= What the task asks =
Range to copy from the entries below: the line containing "MEDAL SZKLANY OKRĄGŁY + GRAWER" through the line containing "1915 Első világháborús", inclusive. Retype only those lines, exactly, without any images.
**** Extracted entries
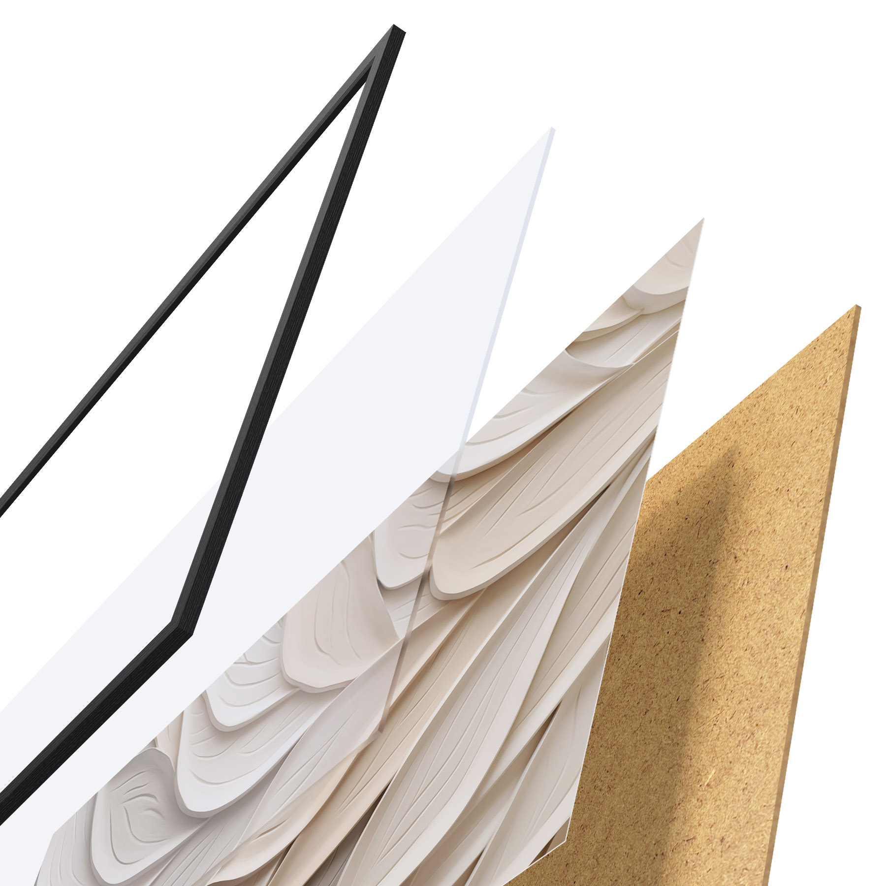 Das Poster besteht aus einem Rahmen, Plexiglas, einem gedruckten Bild und einer Rückwand aus Spanplatten. Dank der Halterungen auf der Rückseite kann das Poster sofort an die Wand gehängt werden.
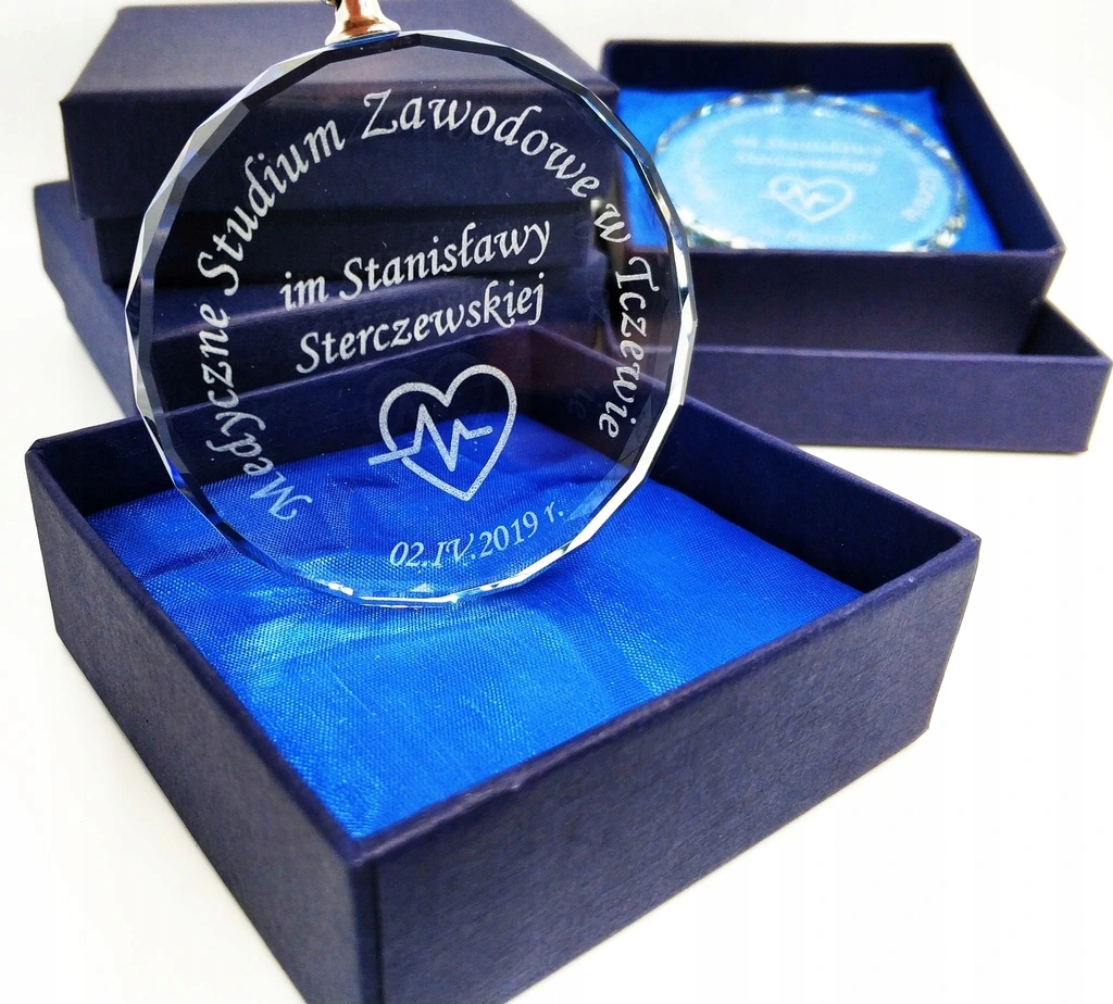MEDAL SZKLANY OKRĄGŁY + GRAWER
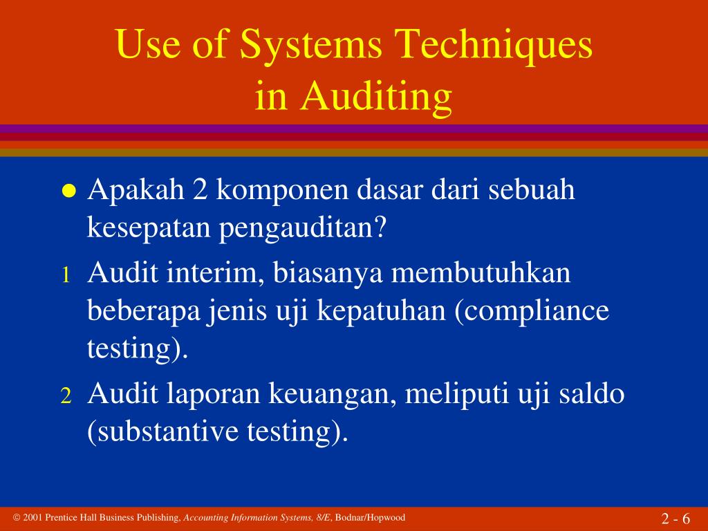 Use of Systems Techniquesin Auditing • Apakah 2 komponen dasar dari sebuah kesepatan pengauditan? • Audit interim, biasanya membutuhkan beberapa jenis uji kepatuhan (compliance testing). • Audit laporan keuangan, meliputi uji saldo (substantive testing).
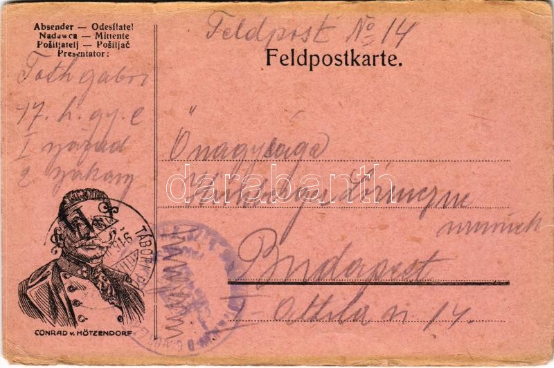 1915 Első világháborús tábori postai levelezőlap Conrad v. Hötzendorf ... https://www.darabanth.com/en/409-Online-auction/409.0/Postcards/Militaria~1000057/1915-Elso-vilaghaborus-tabori-postai-levelezolap-Conrad-v-Hotzendorf-vezerkari-fonok-arck~II2159270
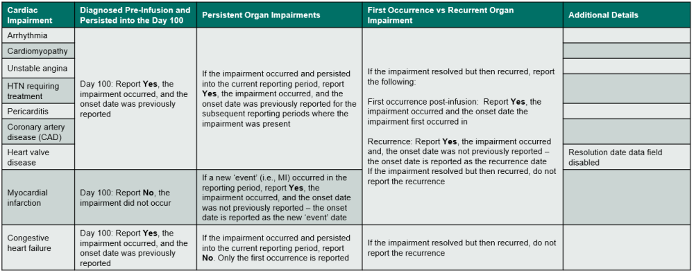 | Q307 | 4/19/2025 | Add | Instructions clarified when to report Yes or No for coronary artery disease: _Indicate if the recipient experienced a cardiac impairment or disorder. Review the list below to determine if the condition should be reported as cardiac impairment / disorder. Refer to Table 5. Cardiac Impairments for an overview of when to report the impairment. If Yes, report the onset date, specify if the impairment / disorder, and answer any other applicable questions. If the cardiac impairment or disorder is an arrhythmia, cardiomyopathy, unstable angina, hypertension requiring treatment, pericarditis, coronary artery disease (CAD), or heart valve disease, use the following guidelines to determine when to report Yes or No: | Missed cardiac organ impairment from original instructions |
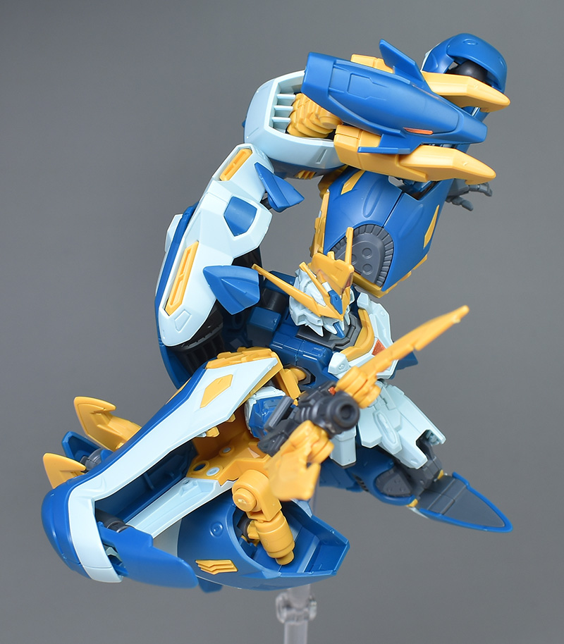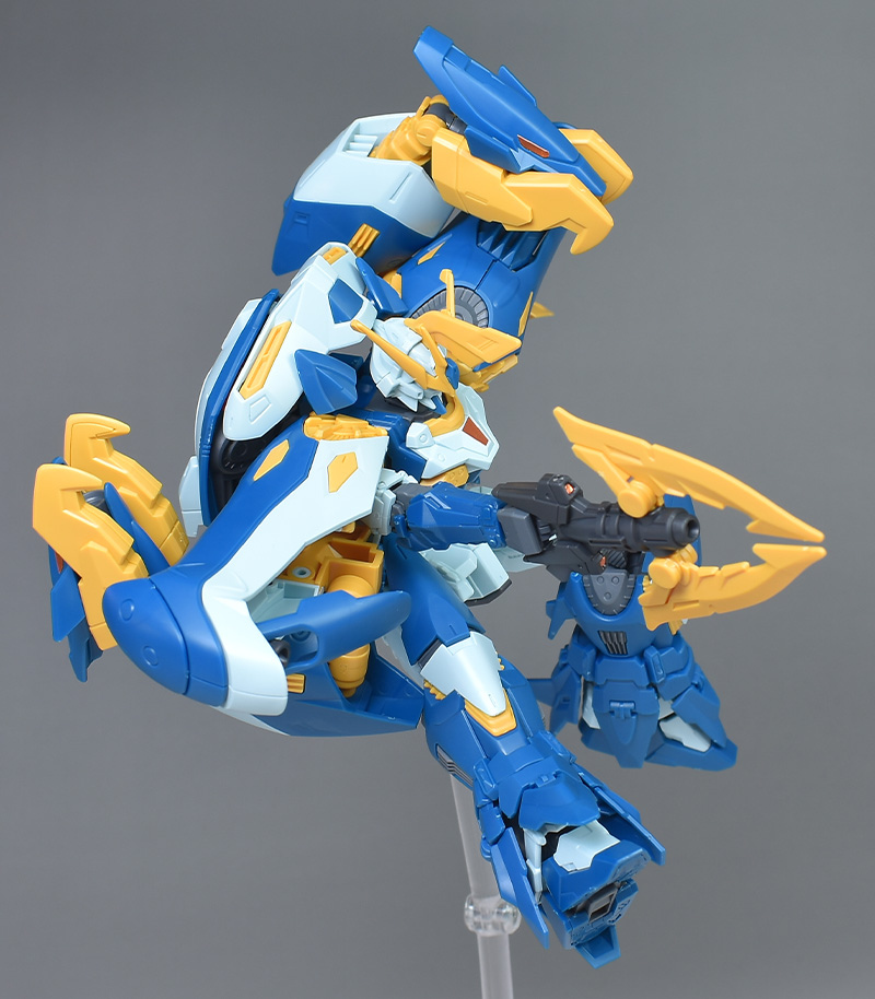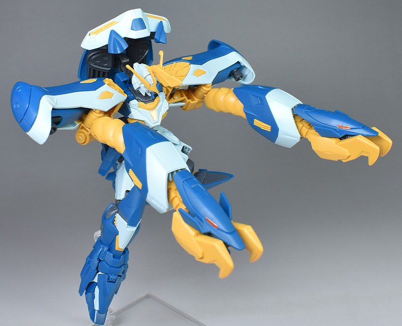 可動域の総括としては、多少各部装甲が干渉するため、可動が制限される箇所はありますが、各部に可動域が広がるギミックを仕込むなどより広く可動するようになっています。なので可動部をうまく活かすことで、ある程度動きのあるポーズは再現できそうですね。
********
= Task answer =
MEDAL SZKLANY OKRĄGŁY + GRAWER
 Use of Systems Techniquesin Auditing • Apakah 2 komponen dasar dari sebuah kesepatan pengauditan? • Audit interim, biasanya membutuhkan beberapa jenis uji kepatuhan (compliance testing). • Audit laporan keuangan, meliputi uji saldo (substantive testing).
 1915 Első világháborús tábori postai levelezőlap Conrad v. Hötzendorf ... https://www.darabanth.com/en/409-Online-auction/409.0/Postcards/Militaria~1000057/1915-Elso-vilaghaborus-tabori-postai-levelezolap-Conrad-v-Hotzendorf-vezerkari-fonok-arck~II2159270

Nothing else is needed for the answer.